◆ **GIVEN MATERIAL**
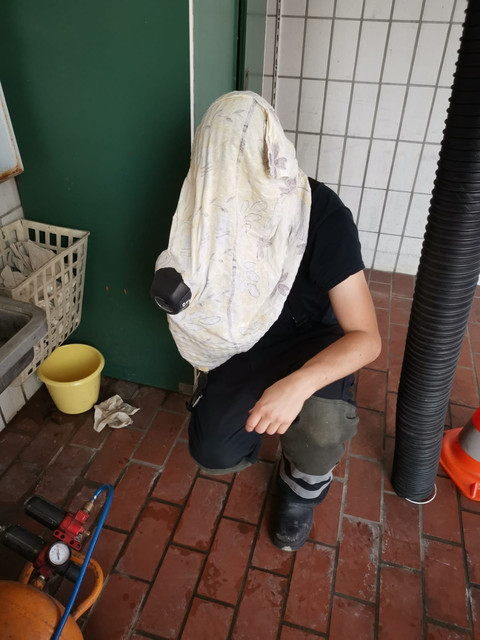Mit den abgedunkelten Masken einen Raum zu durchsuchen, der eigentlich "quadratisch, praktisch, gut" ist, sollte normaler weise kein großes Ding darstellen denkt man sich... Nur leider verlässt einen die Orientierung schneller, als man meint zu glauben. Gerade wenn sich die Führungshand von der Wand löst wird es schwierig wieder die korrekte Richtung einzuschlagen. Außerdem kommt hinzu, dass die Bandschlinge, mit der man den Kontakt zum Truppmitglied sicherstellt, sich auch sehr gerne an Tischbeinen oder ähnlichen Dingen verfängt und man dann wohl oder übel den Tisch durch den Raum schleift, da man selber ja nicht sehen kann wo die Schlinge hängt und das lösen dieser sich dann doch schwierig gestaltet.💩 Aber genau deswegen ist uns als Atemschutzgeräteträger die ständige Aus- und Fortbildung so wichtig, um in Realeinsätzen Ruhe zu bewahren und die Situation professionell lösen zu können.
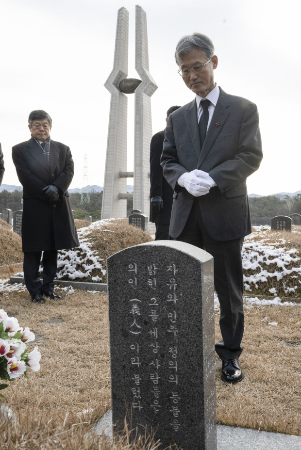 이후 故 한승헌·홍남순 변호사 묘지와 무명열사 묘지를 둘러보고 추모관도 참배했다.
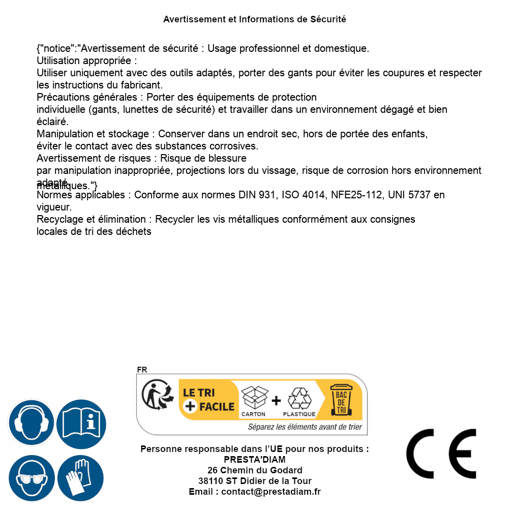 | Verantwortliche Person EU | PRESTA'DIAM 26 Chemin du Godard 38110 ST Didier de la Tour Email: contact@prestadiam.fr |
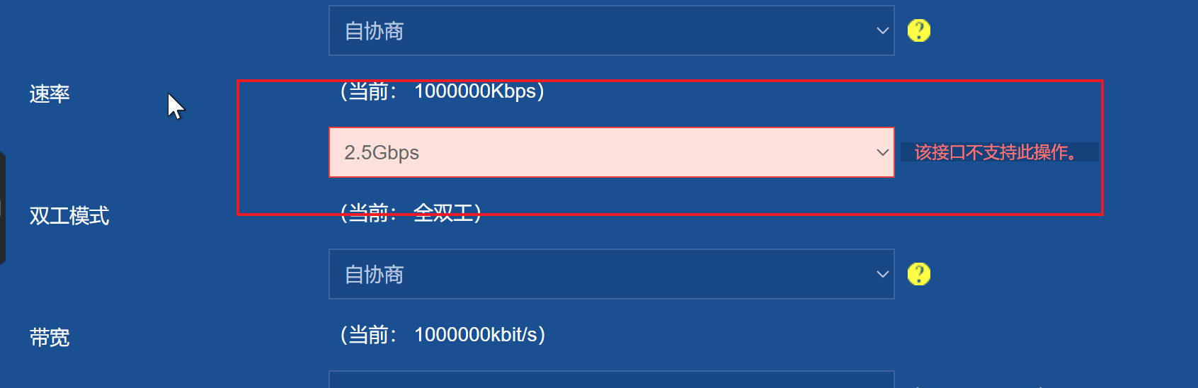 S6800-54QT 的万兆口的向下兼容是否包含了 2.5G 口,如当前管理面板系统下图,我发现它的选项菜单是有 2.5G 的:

◆ **PROBLEM**
From the first line to the last, set down the data exactly, without the pictures.

◆ **SOLUTION**
Mit den abgedunkelten Masken einen Raum zu durchsuchen, der eigentlich "quadratisch, praktisch, gut" ist, sollte normaler weise kein großes Ding darstellen denkt man sich... Nur leider verlässt einen die Orientierung schneller, als man meint zu glauben. Gerade wenn sich die Führungshand von der Wand löst wird es schwierig wieder die korrekte Richtung einzuschlagen. Außerdem kommt hinzu, dass die Bandschlinge, mit der man den Kontakt zum Truppmitglied sicherstellt, sich auch sehr gerne an Tischbeinen oder ähnlichen Dingen verfängt und man dann wohl oder übel den Tisch durch den Raum schleift, da man selber ja nicht sehen kann wo die Schlinge hängt und das lösen dieser sich dann doch schwierig gestaltet.💩 Aber genau deswegen ist uns als Atemschutzgeräteträger die ständige Aus- und Fortbildung so wichtig, um in Realeinsätzen Ruhe zu bewahren und die Situation professionell lösen zu können.
 이후 故 한승헌·홍남순 변호사 묘지와 무명열사 묘지를 둘러보고 추모관도 참배했다.
 | Verantwortliche Person EU | PRESTA'DIAM 26 Chemin du Godard 38110 ST Didier de la Tour Email: contact@prestadiam.fr |
 S6800-54QT 的万兆口的向下兼容是否包含了 2.5G 口,如当前管理面板系统下图,我发现它的选项菜单是有 2.5G 的:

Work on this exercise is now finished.